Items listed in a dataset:
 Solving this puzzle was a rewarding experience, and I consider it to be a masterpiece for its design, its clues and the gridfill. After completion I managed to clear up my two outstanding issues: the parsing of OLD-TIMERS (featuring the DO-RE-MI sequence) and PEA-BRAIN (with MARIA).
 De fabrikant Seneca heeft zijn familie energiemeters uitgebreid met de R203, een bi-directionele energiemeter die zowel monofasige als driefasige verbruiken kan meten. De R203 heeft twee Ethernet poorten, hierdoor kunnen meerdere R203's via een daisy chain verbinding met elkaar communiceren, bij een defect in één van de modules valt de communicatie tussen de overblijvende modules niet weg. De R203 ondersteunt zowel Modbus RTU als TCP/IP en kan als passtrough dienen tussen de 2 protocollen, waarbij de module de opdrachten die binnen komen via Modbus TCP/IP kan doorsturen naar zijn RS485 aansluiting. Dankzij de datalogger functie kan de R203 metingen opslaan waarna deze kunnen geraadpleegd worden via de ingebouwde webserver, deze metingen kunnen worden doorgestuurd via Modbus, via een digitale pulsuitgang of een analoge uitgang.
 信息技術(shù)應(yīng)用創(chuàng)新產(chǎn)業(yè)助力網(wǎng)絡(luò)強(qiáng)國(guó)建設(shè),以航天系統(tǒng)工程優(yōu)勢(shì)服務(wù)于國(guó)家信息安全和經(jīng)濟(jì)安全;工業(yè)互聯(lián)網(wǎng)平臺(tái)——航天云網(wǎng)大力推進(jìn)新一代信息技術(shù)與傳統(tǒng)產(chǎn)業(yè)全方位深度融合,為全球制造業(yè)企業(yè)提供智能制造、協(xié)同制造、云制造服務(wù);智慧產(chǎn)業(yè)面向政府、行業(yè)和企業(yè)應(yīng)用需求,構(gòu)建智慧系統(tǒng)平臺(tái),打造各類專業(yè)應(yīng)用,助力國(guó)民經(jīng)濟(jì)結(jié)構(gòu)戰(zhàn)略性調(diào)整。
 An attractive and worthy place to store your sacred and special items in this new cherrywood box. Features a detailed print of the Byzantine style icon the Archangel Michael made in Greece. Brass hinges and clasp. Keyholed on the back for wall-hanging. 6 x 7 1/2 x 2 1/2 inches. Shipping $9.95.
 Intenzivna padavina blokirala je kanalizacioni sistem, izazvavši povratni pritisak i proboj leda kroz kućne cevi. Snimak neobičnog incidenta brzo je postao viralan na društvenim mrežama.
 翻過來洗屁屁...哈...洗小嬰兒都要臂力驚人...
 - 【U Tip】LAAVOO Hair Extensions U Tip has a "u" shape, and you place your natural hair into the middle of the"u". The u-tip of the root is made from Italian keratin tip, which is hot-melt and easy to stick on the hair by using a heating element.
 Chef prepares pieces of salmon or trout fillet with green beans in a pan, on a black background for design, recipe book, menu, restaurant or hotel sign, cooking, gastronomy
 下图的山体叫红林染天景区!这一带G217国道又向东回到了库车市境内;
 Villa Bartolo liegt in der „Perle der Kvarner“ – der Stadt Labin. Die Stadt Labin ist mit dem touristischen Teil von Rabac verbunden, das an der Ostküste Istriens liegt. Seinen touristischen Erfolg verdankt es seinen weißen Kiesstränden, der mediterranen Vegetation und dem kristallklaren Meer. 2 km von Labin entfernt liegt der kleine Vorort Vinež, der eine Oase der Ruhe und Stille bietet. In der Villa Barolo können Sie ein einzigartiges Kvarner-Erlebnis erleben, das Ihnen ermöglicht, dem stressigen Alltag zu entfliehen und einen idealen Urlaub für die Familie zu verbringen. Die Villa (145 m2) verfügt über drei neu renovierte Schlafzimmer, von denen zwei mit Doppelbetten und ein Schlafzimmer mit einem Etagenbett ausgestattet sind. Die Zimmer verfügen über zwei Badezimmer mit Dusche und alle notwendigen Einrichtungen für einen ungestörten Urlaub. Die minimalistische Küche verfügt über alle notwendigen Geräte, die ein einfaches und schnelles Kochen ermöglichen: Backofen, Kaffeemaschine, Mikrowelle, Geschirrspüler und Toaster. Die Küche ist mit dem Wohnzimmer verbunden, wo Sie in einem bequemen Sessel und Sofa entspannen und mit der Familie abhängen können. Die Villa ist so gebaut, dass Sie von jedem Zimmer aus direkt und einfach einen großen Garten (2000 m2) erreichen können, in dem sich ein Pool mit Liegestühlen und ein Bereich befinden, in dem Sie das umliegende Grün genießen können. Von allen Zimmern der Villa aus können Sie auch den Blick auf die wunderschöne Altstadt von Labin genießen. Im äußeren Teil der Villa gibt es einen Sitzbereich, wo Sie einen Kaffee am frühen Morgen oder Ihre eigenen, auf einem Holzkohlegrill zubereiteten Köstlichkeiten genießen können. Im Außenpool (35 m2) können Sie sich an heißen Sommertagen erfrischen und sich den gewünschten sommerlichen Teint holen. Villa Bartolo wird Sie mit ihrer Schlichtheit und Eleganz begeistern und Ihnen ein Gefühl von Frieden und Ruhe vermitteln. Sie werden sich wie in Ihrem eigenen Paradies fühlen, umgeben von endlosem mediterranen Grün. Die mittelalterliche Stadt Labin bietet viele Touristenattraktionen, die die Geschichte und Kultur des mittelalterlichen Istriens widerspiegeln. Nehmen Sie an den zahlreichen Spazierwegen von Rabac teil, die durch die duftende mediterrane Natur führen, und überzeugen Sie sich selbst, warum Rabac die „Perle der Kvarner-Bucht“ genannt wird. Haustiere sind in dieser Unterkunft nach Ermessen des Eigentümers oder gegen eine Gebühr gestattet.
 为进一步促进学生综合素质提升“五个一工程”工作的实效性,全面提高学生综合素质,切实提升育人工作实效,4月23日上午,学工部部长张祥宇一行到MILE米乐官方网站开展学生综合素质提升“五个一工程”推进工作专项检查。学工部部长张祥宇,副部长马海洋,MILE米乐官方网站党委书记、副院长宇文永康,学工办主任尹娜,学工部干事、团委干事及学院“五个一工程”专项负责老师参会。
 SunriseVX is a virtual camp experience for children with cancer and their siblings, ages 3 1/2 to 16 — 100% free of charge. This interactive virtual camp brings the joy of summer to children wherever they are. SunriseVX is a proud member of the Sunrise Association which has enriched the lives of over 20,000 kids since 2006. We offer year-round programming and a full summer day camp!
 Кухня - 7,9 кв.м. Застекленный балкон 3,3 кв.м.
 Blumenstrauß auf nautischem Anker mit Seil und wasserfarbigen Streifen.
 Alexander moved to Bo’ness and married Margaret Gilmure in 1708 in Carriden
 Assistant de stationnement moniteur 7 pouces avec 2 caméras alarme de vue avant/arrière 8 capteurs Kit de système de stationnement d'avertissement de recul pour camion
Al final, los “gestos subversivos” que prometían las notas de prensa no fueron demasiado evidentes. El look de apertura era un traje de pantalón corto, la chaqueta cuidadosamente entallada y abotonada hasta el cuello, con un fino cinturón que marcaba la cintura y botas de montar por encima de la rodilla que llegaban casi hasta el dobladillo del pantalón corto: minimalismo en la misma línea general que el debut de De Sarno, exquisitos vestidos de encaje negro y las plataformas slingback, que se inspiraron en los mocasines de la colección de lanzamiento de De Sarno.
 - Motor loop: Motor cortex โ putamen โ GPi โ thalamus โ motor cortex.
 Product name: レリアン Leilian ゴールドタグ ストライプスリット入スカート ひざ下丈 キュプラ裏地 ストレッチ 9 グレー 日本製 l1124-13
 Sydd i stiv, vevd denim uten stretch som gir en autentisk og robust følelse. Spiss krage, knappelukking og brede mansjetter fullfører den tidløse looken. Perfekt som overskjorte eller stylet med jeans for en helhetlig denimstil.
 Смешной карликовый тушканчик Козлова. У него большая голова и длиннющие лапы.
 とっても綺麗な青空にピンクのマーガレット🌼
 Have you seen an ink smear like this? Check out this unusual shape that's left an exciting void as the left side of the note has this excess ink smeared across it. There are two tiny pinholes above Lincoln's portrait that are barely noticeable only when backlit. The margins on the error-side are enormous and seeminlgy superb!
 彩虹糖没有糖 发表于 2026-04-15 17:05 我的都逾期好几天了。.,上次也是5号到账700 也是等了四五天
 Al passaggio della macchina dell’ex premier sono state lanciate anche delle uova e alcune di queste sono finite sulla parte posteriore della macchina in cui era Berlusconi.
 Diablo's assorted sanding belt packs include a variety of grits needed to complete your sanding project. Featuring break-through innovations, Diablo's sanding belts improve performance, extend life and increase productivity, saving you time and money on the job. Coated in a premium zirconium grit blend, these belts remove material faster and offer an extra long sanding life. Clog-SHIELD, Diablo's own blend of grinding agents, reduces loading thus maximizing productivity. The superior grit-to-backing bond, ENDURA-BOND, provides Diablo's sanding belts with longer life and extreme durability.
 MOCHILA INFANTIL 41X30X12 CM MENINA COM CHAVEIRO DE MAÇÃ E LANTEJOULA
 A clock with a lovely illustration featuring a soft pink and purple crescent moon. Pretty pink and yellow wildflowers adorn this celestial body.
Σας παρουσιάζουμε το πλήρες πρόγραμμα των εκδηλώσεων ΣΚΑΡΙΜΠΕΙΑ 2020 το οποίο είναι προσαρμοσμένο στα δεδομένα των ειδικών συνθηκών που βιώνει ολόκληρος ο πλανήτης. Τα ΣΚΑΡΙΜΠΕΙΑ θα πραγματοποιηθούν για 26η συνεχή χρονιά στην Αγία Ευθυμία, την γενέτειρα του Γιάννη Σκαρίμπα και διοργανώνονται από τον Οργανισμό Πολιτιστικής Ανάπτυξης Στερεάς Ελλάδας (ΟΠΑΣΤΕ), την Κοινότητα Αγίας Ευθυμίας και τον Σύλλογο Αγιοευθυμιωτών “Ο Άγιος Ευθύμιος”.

> WORK INSTRUCTIONS: The required output is every line above from the one with "Product name: レリアン" down to the one with "Al passaggio della", restated word for word, ends included.

> RESULT:
 Product name: レリアン Leilian ゴールドタグ ストライプスリット入スカート ひざ下丈 キュプラ裏地 ストレッチ 9 グレー 日本製 l1124-13
 Sydd i stiv, vevd denim uten stretch som gir en autentisk og robust følelse. Spiss krage, knappelukking og brede mansjetter fullfører den tidløse looken. Perfekt som overskjorte eller stylet med jeans for en helhetlig denimstil.
 Смешной карликовый тушканчик Козлова. У него большая голова и длиннющие лапы.
 とっても綺麗な青空にピンクのマーガレット🌼
 Have you seen an ink smear like this? Check out this unusual shape that's left an exciting void as the left side of the note has this excess ink smeared across it. There are two tiny pinholes above Lincoln's portrait that are barely noticeable only when backlit. The margins on the error-side are enormous and seeminlgy superb!
 彩虹糖没有糖 发表于 2026-04-15 17:05 我的都逾期好几天了。.,上次也是5号到账700 也是等了四五天
 Al passaggio della macchina dell’ex premier sono state lanciate anche delle uova e alcune di queste sono finite sulla parte posteriore della macchina in cui era Berlusconi.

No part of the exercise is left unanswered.